Labor supporter: Dean ignored pleas to quit By ADAM NAGOURNEY 2004 New York Times News Service
WASHINGTON -- One of Howard Dean's most powerful labor supporters, Gerald W. McEntee, said on Thursday that he had decided that Dean was "nuts" shortly before he withdrew his support for Dean's candidacy and begged him to quit the race to avoid a humiliating defeat.
McEntee, the president of the American Federation of State, County and Municipal Employees, defended his decision to abandon Dean's campaign, saying he told Dean that he did not want to spend another $1 million of his union's money "in order to get him a couple of extra points in Wisconsin."
"I have to vent," McEntee, the often blunt leader of the nation's largest public service union, said in a leisurely interview in his office here. "I think he's nuts."
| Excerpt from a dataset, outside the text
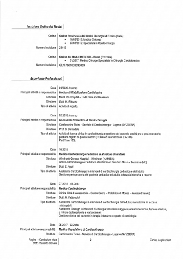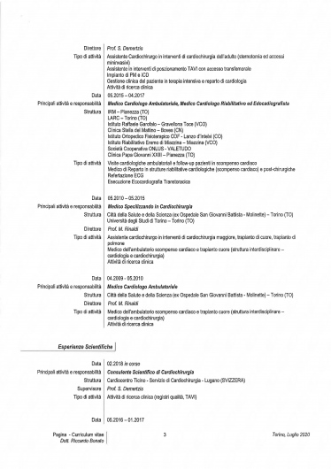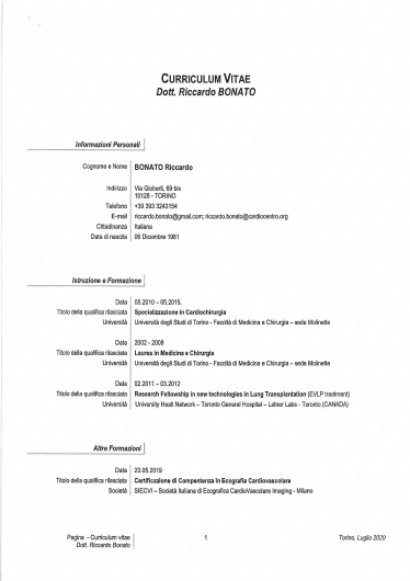 Si è laureato in Medicina e Chirurgia nel 2008 presso l'Università degli Studi di Torino e successivamente, nel 2015, specializzato in Cardiochirurgia presso il medesimo ateneo. Nel 2019 ha ottenuto la Certificazione di competenza in Ecografia Cardiovascolare da parte della SIECVI (Società Italiana di Ecografia CardioVascolare Imaging) di Milano.

McEntee said he reached his assessment of Dean after watching him in what he described as a series of halting campaign appearances in Iowa, leading up to his shouted concession speech. He said he did not believe Dean understood how substantial his decline was after that and that he was stunned when Dean did not bow to pressure from labor unions to pull out earlier this month.
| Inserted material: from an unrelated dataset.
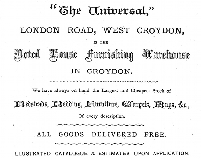 By 1880, however, Nathaniel Gifford had left London Road. His replacement at number 36 was The Universal, a furniture shop which also advertised itself as the “Universal Bedding Company” and “Universal Furnishing Company”. This remained in place until around 1885.[4]
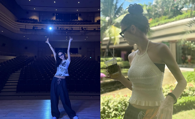 'NEW YORK CITY' 프린트가 들어간 화이트 티셔츠와 네이비 와이드 팬츠를 조합한 편안한 데일리 룩을 선보이고 있다. 안경을 착용하고 양팔을 들어 올린 자유로운 포즈로 편안하고 자연스러운 매력을 드러내고 있다.

"I go to Burlington, and I meet with him," McEntee said. "I'm telling you, I threw more ice water on his head in about 25 minutes than probably he has ever had. And I said: `Don't do Wisconsin, OK? Don't go in.' I told him to get out. I said you can't win."
"He said he's still going into Wisconsin," McEntee continued. "I said, `We're not. We're off the train. If you think I'm going to spend $1 million to get you another point after this election is over, you're crazy. We're saving the money to do it against George Bush.' "
A spokesman for Dean, Jay Carson, said that McEntee's attacks on Dean could endanger the party's chances of defeating Bush. "All Democrats have to be united to win this election," he said. "This kind of personal attack is not going to help us beat George W. Bush."
The remarks by McEntee came the day after Dean ended his candidacy. In the speech Dean made on Wednesday, he went out of his way to praise the other two big unions that had joined McEntee in endorsing Dean, the Service Employees International Union and the International Union of Painters and Allied Trades, for sticking with him. McEntee bristled at the suggestion that his decision to abandon Dean was disloyal.
"We didn't feel and don't feel now that our responsibility was to Howard Dean," he said. "Our responsibility was to our people and to the people who we represent."
McEntee, who flirted with endorsing John Kerry and retired Gen. Wesley K. Clark before settling on Dean, said his union was probably going to sit it out for a while.
"At this point, there's no way we're going to endorse anybody," he said. "I think we need a rest. Maybe in an asylum."